Descriptive Statistics

CENTRAL TENDENCY

Averages: mean mode and median.

As an example, the first variable (X1) in Anscombe’s first data set can be used 1.

To show the data values:

anscombe.quartet$X1

[1] 10  8 13  9 11 14  6  4 12  7  5

Mean: add and divide by number of observations.

Mean(X 1)=\frac{1}{n}\sum_{i=1}^{n} X1(i)

Where n is the number of observations. Or in R:

mean(anscombe.quartet$X1)

[1] 9

Median: middle value of the ordered data. If the number of observations is odd, the median value is one of the observations. If the number of observations is even, the median value is the average of the central two observations.

Or in R:

median(anscombe.quartet$X1)

[1] 9

The mode, or most common category, is more difficult to calculate and is often best depicted graphically.

There is no standard function for the mode in R. The following:

mode(anscombe.quartet$X1)

returns the internal storage mode of the R object and not the mode:

[1] “numeric”

The mode can be found with a user defined function:

Mode <- function(x) {
ux <- unique(x)
ux[which.max(tabulate(match(x, ux)))]
}

This function calculates the mode in R by entering:

Mode(anscombe.quartet$X1)

Note the capital M as defined in the function!

[1] 10

DISPERSION

Indicators of the spread or variability of the data.
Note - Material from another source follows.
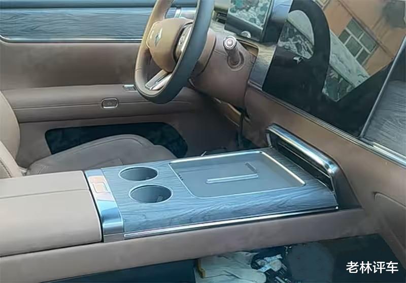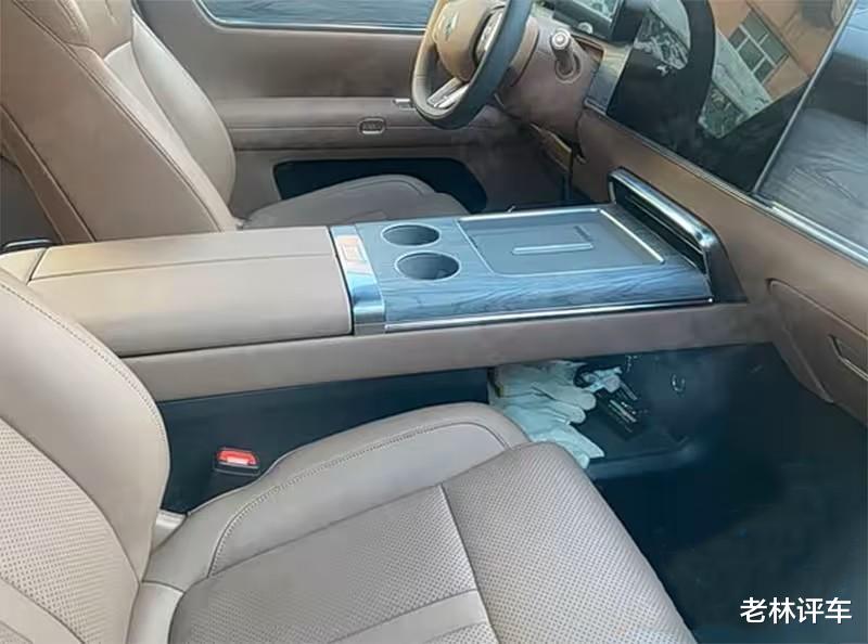 新车的前排地台采用了上下双层设计,下层是一个巨大的储物格,配备了充电接口,上层配备了两块手机无线充电面板和两个独立杯架。没有看到换挡机构,换挡机构应该位于方向盘右侧底部(电子怀挡)。

Variance: the average of the sum of the squares about the mean:

Variance(X 1)=\frac{1}{n-1}\sum_{i=1}^{n} (X1(i)-Mean(X1)) ^{2}

The term \sum_{i=1}^{n} (X1(i)-Mean(X1)) ^{2} is the sum of the squares about the mean.

Or in R:

var(anscombe.quartet$X1)

[1] 11

Standard Deviation: the square root of the variance:

StandardDeviation(X 1)=\sqrt(Variance)

or

StandardDeviation(X 1)=\sqrt(\frac{1}{n-1}\sum_{i=1}^{n} (X1(i)-Mean(X1)) ^{2})

or

Variance(X1)=(StandardDeviation(X1)) ^{2}

Or in R:

sd(anscombe.quartet$X1)

[1] 3.316625

The square root of the variance gives the same result:

sqrt(var(anscombe.quartet$X1))

[1] 3.316625

Range: highest minus lowest value.

The maximum observation minus the minimum observation.

Or in R:

range(anscombe.quartet$X1)

[1]  4 14

So, the range is 10.

Minimum: Lowest value

Or in R:

min(anscombe.quartet$X1)

[1] 4

Maximum: Highest value

Or in R:

max(anscombe.quartet$X1)

[1] 14

Interquartile range: ‘midspread’ or ‘mid fifty’, the difference between the upper and lower quartiles.

Data can be divided into four quartiles: Q1, Q2, Q3 and Q4. Q2 is equal to the median value and the interquartile range is Q3 minus Q1:

IQR = Q3 – Q1

Or in R:

IQR(anscombe.quartet$X1)

[1] 5

In a box plot, the IQR is indicated by the box in the plot.

Normal distribution: mean, mode and median are the same.

Descriptive statistics can be obtained using JGR, or alternatively entered manually into the console. For example to obtain the descriptives of X1 in Anscombe’s first data set, load the data and enter the following into the console:

descriptive.table(vars = d(X1),data= anscombe.quartet, func.names =c(“Mean”,”St. Deviation”,”Valid N”,”Median”,”Minimum”,”Maximum”))

The code can be copied and pasted, but the quotation marks may have to be re-entered.

This should give the following output:

$`strata: all cases `
         Mean.X1 St. Deviation.X1       Valid N.X1        Median.X1       Minimum.X1       Maximum.X1
        9.000000         3.316625        11.000000         9.000000         4.000000        14.000000

1.
Anscombe F. Graphs in statistical analysis. The American Statistician. 1973;27(1):17–21.